9.18.2007

welcome to toronto, where everything is 1½ hours away

This is my favourite time of year in the GTA. The August humidity has cleared, the air is light and breezy, the sun sparkles during the day and you need a light jacket at night.

It brings me back to our first month in Canada. After a pressure-cooker of a summer, we spent our days unpacking and leisurely taking care of business, then sat in our first-ever backyard and enjoyed the peace, both outward and inner. Sheer bliss.

Next week we're off to our first-ever Canadian cottage experience, which I anticipate being much like our old upstate New York cabin experiences, hence wonderful. Looking at the map, the Kawarthas have to be at least 3 hours from Mississauga. But predictably, the Lake Edge Cottages brochure and website say it's an hour and a half.

Ask anyone how long it takes to get anywhere from Toronto, and that's what they'll tell you: an hour and a half.

I don't know if this is peculiar to the Toronto area, or if it's generally Canadian, but why does everyone tell you everything is closer than it really is?

OK, it's not always an hour and a half. But when we ask people how far away any given town or city is from Toronto, and the answer is almost always considerably less than the reality.

Orangeville? Half an hour.

Wasaga Beach? An hour and a half.

The Buffalo airport? Forty-five minutes to an hour.

Windsor and Detroit? An hour and a half.

No.

We've driven back and forth between the airport in Buffalo and Mississauga (closer than Toronto!) more times than I care to remember, and you cannot do it in an hour. As your plane is taking off, you'll be lucky if you're crossing the border.

Detroit is almost 400 kilometres from Toronto.
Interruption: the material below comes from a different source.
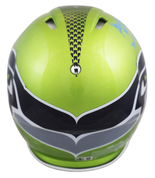 This Autographed Alternate Flash Riddell Full Size Speed Proline Helmet W/ Uv Mirrored Back Acrylic Display Case with the inscription of "HOF 1995, Seahawks Triple Crown, 819 Recs, 13,089 Yds, 100 TD's" has been Personally Signed by Steve Largent of the Seattle Seahawks. This item is 100% Authentic to include a hologram by Beckett Authentication Services. This item will come with an affixed Beckett Authentication Services (BAS) authentication sticker, which includes a scannable QR code to verify authenticity. Please note that Beckett no longer provides serial-numbered COA cards, and the attached BAS sticker will serve as the complete authentication for this item. This is a BAS Witnessed Protection Program item which means a Beckett Authentication Service representative was present when this item was being signed. We conducted an autograph signing with Steve Largent where multiples of the same item were signed. While the photographs are representative of this item, the size, placement and strength of the signature may vary. Each item is hand signed, therefore, each autograph is unique. This item can be verified through BAS Witnessed.

That is not a 90-minute drive!

We've never driven to Wausaga Beach, but if Orangeville took 2 hours, how can you make Georgian Bay in 90 minutes?

I grant you, we don't drive as fast as possible. We're still waiting for our last speeding ticket to come off our ridiculously expensive car insurance, and we're determined never to get another one. On the highway, we'll put on 110 km/hr cruise control and relax.

But still. Is everyone else driving 200 km/hr? Are they using some alternative highways that we haven't found yet? Is it a tesseract?